The website map file can also allow the website manager to notify Google of having multiple versions of the page in different languages. In order to define different addresses, you will need to use an arranged structure: Under each destined url, you must define a <loc> child-type element and a <xhtml> child-type element: link rel = “alternate” hreflang = “supported_language-code”>.

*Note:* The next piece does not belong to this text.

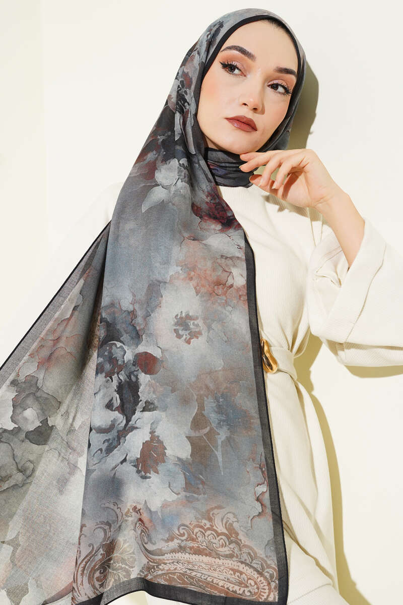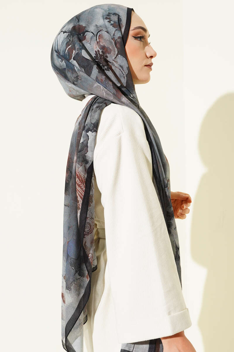 Batik Çiçek Desen Rami Şal Siyah

Here’s an example of how to set the Alternate Tag in a sitemap:

<?xml version=”1.0″ encoding=”UTF-8″?>

<urlset xmlns=”https://www.sitemaps.org/schemas/sitemap/0.9″

xmlns:xhtml=”https://www.w3.org/1999/xhtml”>

<url>

<loc>https://www.example.com/english/page.html</loc>

<xhtml:link

rel=”alternate”

hreflang=”de”

href=”https://www.example.com/deutsch/page.html”/>

<xhtml:link

rel=”alternate”

hreflang=”de-ch”

href=”https://www.example.com/schweiz-deutsch/page.html”/>

<xhtml:link

rel=”alternate”

hreflang=”en”

href=”https://www.example.com/english/page.html”/>

</url>

<url>

<loc>https://www.example.com/deutsch/page.html</loc>

<xhtml:link

rel=”alternate”

hreflang=”de”

href=”https://www.example.com/deutsch/page.html”/>

<xhtml:link

rel=”alternate”

hreflang=”de-ch”

href=”https://www.example.com/schweiz-deutsch/page.html”/>

<xhtml:link

rel=”alternate”

hreflang=”en”

href=”https://www.example.com/english/page.html”/>

</url>

<url>

<loc>https://www.example.com/schweiz-deutsch/page.html</loc>

<xhtml:link

rel=”alternate”

hreflang=”de”

href=”https://www.example.com/deutsch/page.html”/>

<xhtml:link

rel=”alternate”

hreflang=”de-ch”

href=”https://www.example.com/schweiz-deutsch/page.html”/>

<xhtml:link

rel=”alternate”

hreflang=”en”

href=”https://www.example.com/english/page.html”/>

</url>

</urlset>

 

Define the tag using WordPress plugin

There are various extensions that can help you set up Alternate Tags on the website. One of these extensions is an extension called Polylang.

 

Set the tag for mobile website display

The Alternate Tag can also be used on non-responsive sites, where the site owner wants to present a customized and unique version for mobile that includes a different arrangement of the elements and even different content.

 

A few closing notes

By searching Google’s support website for the implementation of Alternate Tags, you will find general guidelines that you should follow when integrating the tag in any of the methods listed. You can also find the various supported language codes in the Google Support website settings, the common errors that websites managers make (e.g. missing return links, or incorrectly written Language Tags).

 

In conclusion

Properly integrate Alternate Tags in an international website can allow you to notify search engines that it is useful to index a collection of pages with similar content, though it should be accessible to different users, mainly from different locations or for displaying pages on mobile, on non-responsive websites. This solution allows surfers to enjoy the page that is relevant to them when browsing the website, while enabling the existence of such pages in parallel.